Monday, October 25, 2010

Divorced Dad ? Join the club !

Is it possible for a divorced Dad be a terrific Dad ? Maybe a divorced guy should also ask you, “Why? Just because you’re not does not mean you’re a great father.” It’s really such a pity that our society as a dead beat parent just because of he’s divorced. There are a lot of amazing divorced fathers out there and you can learn a lot from them.

Keeping It Close

You’ve got to admit that children suffer a lot of the consequences of divorce. From irate parents, to separation anxiety it’s a tough world out there for children whose parents are divorced or getting divorced.

Preserving a relationship with the kids needs sacrifice from both sets of parents. Both mother and father have to be able to set aside their differences long enough to inspect the damage that they have both caused to their children. More often than not parents get to engrossed with their emotional pain that they fail to notice that their children suffer even more than they do.

Studies show that when both parents make conscious efforts to stay close to each other have more successful and stable children. What’s more when parents separate their relationship from those with their children, they tend to create a more harmonious relationship.

A Formal Study

To emphasize the importance of a father’s proximity to his children, the State University of Arizona conducted a study of college students whose parents where divorced. The researchers observed personality, emotional and mental maturity, health, and even interests in school and success. The researchers found several evidences that supports the idea that whoever has primary custody it is adamant that divorce parents be in close proximity of their children.

Findings

The Findings are very interesting. Statistics clearly shows that children whose parents are divorced have healthier and more mature relationships when their parents make a conscious effort of keeping the essence of family intact.

61% of the kids involved in the study asserted that their mom or whoever had primary custody moved them at least an hour’s drive away from the other parent.
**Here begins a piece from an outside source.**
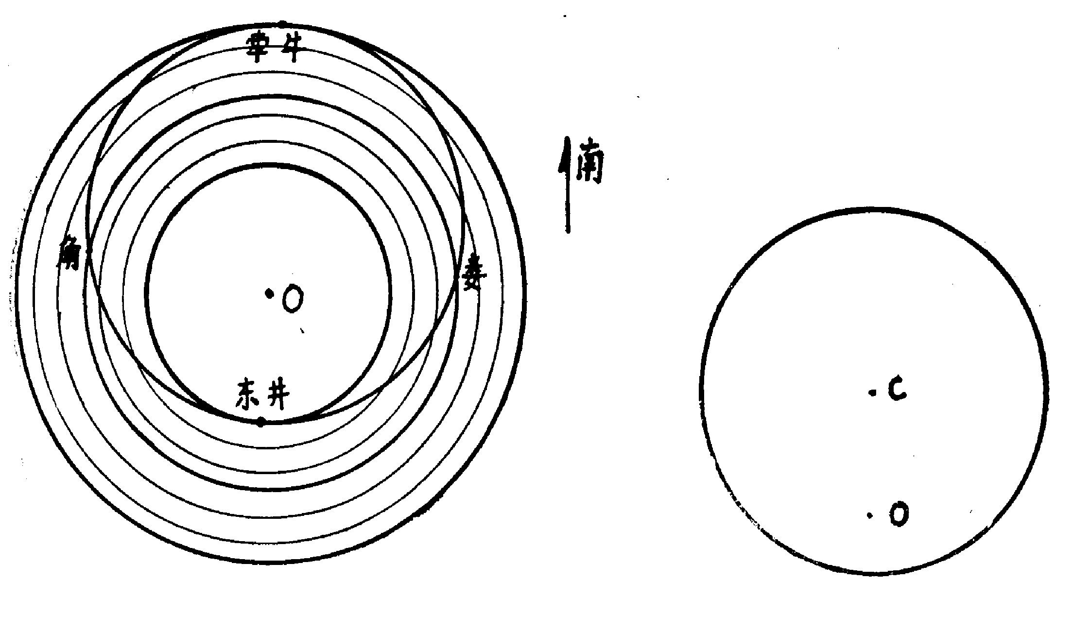 1.七衡圖之一:左圖夏至日中,冬至夜半;右圖冬至日中,夏至夜半。

One of the concerns expressed by the students was getting in between the crossfire. When they stay with one parent during the move, future financial help (like for college) lessened. Example, if they stayed with dad mom gives less when college comes, and vice versa. In fact the investigation showed that the 1 hour driving distance already had a negative effect on the children.

Emotional upheaval cannot be avoided, but a keener inspection of the kids showed that those whose parents kept them close have a healthier disposition emotionally and mentally.

In Conclusion

All in all the study asserts that divorce does affect children. The way the parents treat each other and the distance they have from their children does have a significant impact that could determine whether the child succeeds or not. It is difficult to make friends with an ex wife after all that’s been said and done, but it will be more difficult for you as a divorced dad when in the future you see your children suffer the consequences of your action.

As a divorced dad, it is your responsibility, to your self and your children to make the supreme sacrifice of making the first step of keeping close.